During World War II, during which she became involved with a German officer, Coco Chanel reportedly struggled to maintain her House, which reopened in 1954.
She died on January 10, 1971, at the Hotel Ritz, in Paris, where she lived the last years of her life.
The break with the corset
Coco Chanel’s creations at the beginning of her styling career affirmed a new feminine way of being and dressing.

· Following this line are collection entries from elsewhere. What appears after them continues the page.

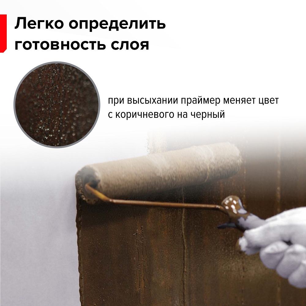 После высыхания праймер становится чёрным, что позволяет легко определить готовность поверхности к нанесению гидроизоляционных материалов. Можно использовать при температуре от 0°С до +40°С. Он наносится за один раз, что позволяет экономить время и материалы.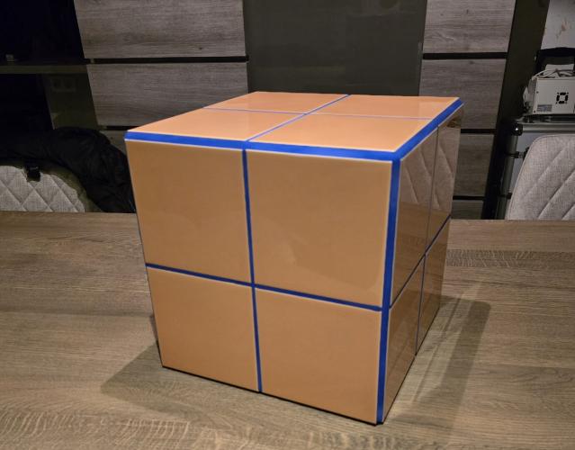 Design tegeltafel handmade 31x31x31H oranje met blauwe voeg
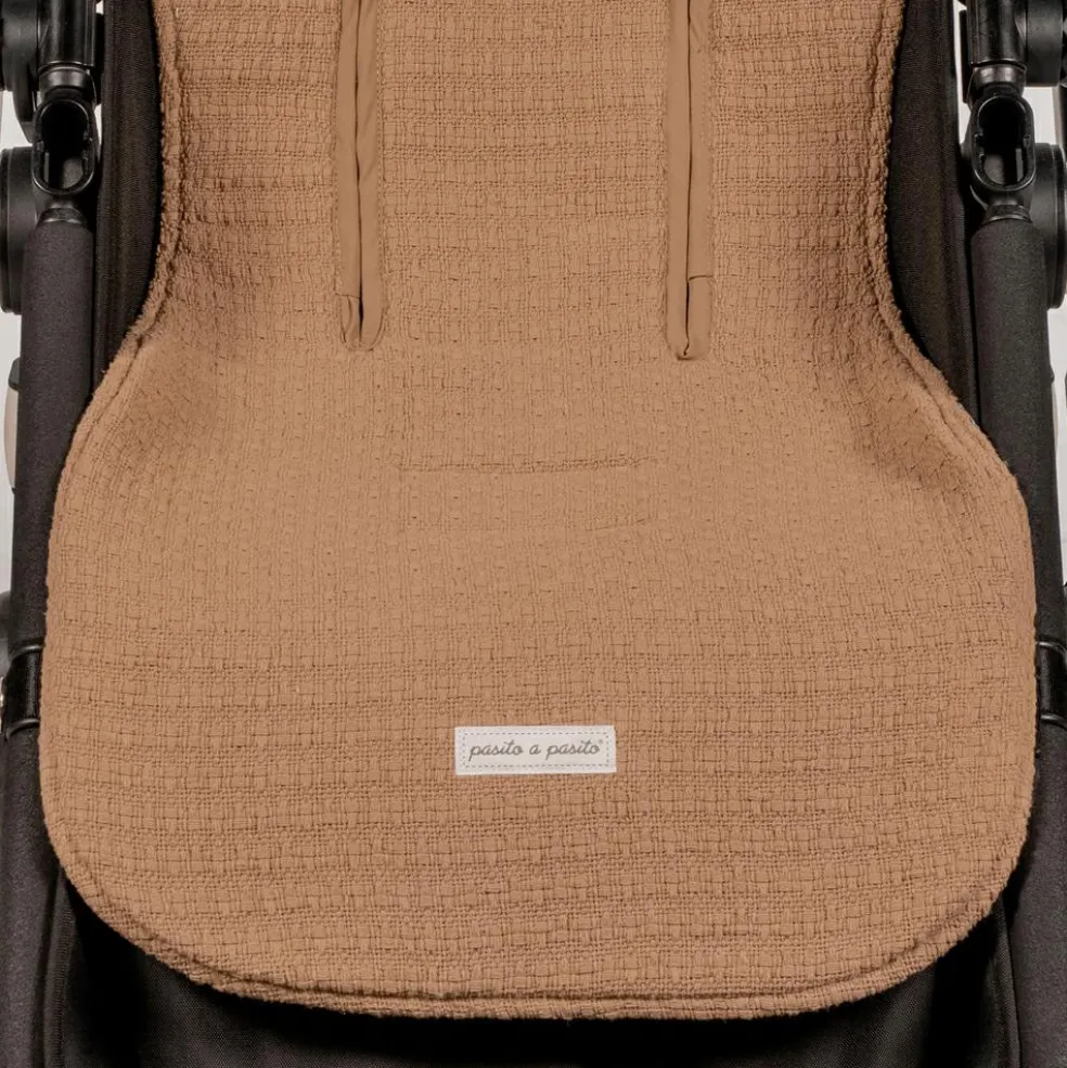 – L’assisse poussette Icon Caramel de Pasito a pasito en tissu gaze 100% coton est la housse idéale qui s’adapte à la plupart des poussettes et offre un plus grand confort à votre enfant lors de ses promenades par temps chaud.
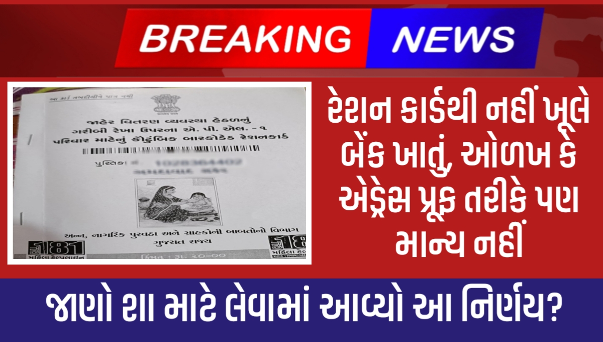 રેશન કાર્ડથી નહીં ખૂલે બેંક ખાતું, ઓળખ કે એડ્રેસ પ્રૂફ તરીકે પણ માન્ય નહીં, જાણો શા માટે લેવામાં આવ્યો આ નિર્ણય?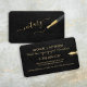 Cartão de visita de consultor notário certificado para tipografia moderna, com um elegante roteiro de caligrafia em ouro e canetas sobre um couro preto escuro, para um toque exclusivo de luxo.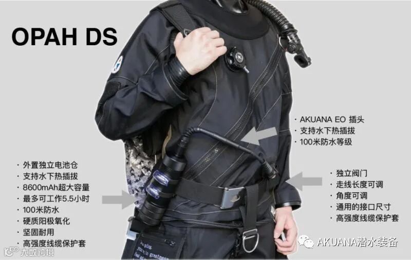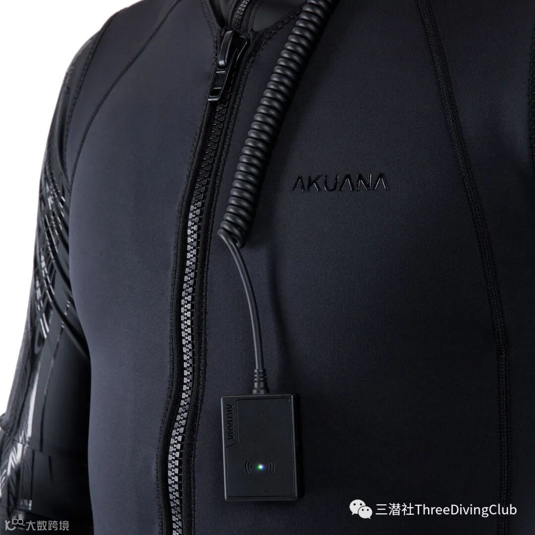 干衣版本的电池放置在干衣外面,可以固定在腰带等位置,通过集成电缆过线孔的充气阀或通过单独开的过线阀与干衣内的电热底衣进行连接。电缆带有快插接头,当出现电池故障时,可以迅速拔除接头切断电源以防止烧伤。湿衣版本电池由于是浸泡在水中,隔绝了氧气,出现异常时不会造成剧烈燃烧和爆炸。而将湿衣版本的电热底衣穿在干衣内部,电池一旦出现故障过热后会导致烧伤,潜水员也没法第一时间解除危险,这对潜水员安全构成很大的威胁。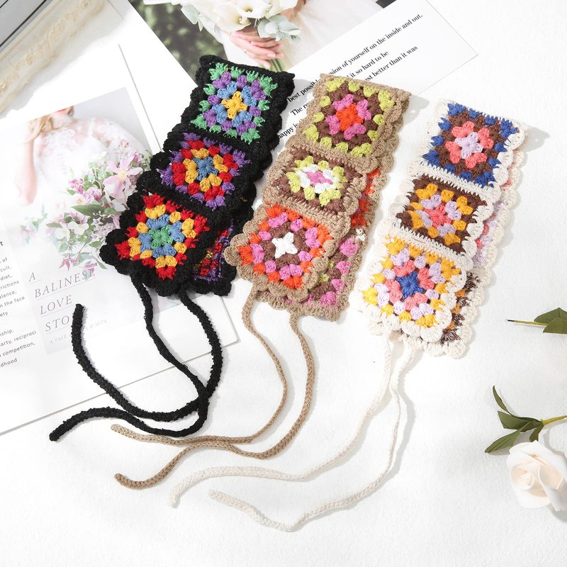 CHLINS Hairband, 3PCS Crochet Headband Women Floral Hairband - Elastic Handmade Crochet Head Wrap Bohemian knit Headband for Women and Girls (Square, Black + Beige + Khaki)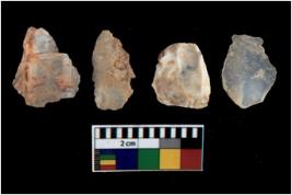 | Description / विवरण | There are n 4 utilized flake cores. There are multi directional irregular scar pattern on them. Two are tapering at one end and two have blunted edges. |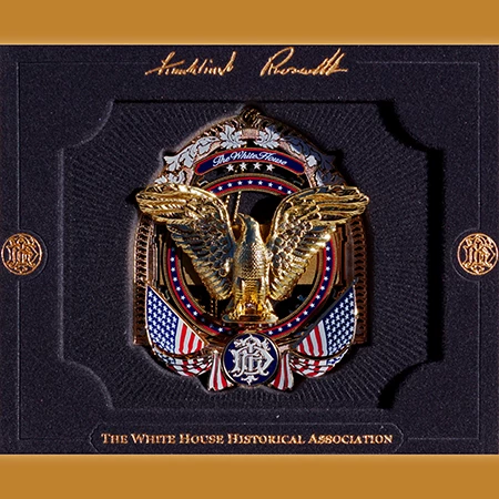 The Official 24 karat gold plated 2017 White House Christmas ornament honors the 32nd President of the United States Franklin D. Roosevelt who served from 1933 to 1945 and his remarkable journey to restore the faith of the American people. The ornament is crafted from shiny brass plated with nickel and 24-karat gold.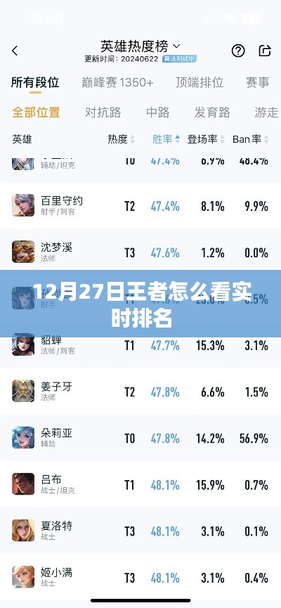 随着移动互联网的普及和电子竞技的飞速发展,王者荣耀已经成为了一款备受欢迎的MOBA手游,在这款游戏中,玩家可以体验到丰富的游戏内容、刺激的竞技氛围以及与其他玩家互动的乐趣,而在众多玩家中,实时排名则成为了衡量自身实力和水平的重要标准之一,本文将介绍在12月27日,玩家如何查看王者实时排名。

Breaking with the corsets and uncomfortable clothes that came from the end of the sec. XIX her creations were fluid, with light and comfortable fabrics and sometimes inspired by the masculine cut.
The tailleur
The timeless Chanel “tailleur” was introduced in the period of the 1st world war (1916) and has been part of the Chanel collections since that time. The images of great figures of society with this skirt and coat are iconic.
Tailleur Chanel 1960’s
https://de.wikipedia.org/wiki/Chanel-Kost%C3%BCm#/media/File:Cream_Chanel_suit,_late_1960s.jpg
Jacqueline Kennedy with a tailleur Chanel- 1963
https://de.wikipedia.org/wiki/Chanel-Kost%C3%BCm#/media/File:Kennedys_arrive_at_Dallas_11-22-63_(Cropped).jpg
Chanel nº 5
Nowadays it is perfectly normal for the fashion houses and stylists to create fragrances and make-up as well. Coco Chanel was the first to create perfumes and her Chanel nº 5 (for being the fifth fragrance she created), “a perfume with a woman’s scent”, launched on May 5, 1921 has become timeless.
Chanel No. 5, in an Art Deco bottle, was incorporated into the permanent collection of the Museum of Modern Art in New York in 1959.
Foto: Jonn Leffmann https://pt.wikipedia.org/wiki/Coco_Chanel#/media/File:CHANEL_N%C2%B05.jpg
The black dress
“A woman needs only two things in life: a black dress and a man who loves her”.
In 1926 black was almost reserved for men, widows and uniforms for domestic workers. The simple black-cut dress presented by Chanel has become basic in any women’s wardrobe today.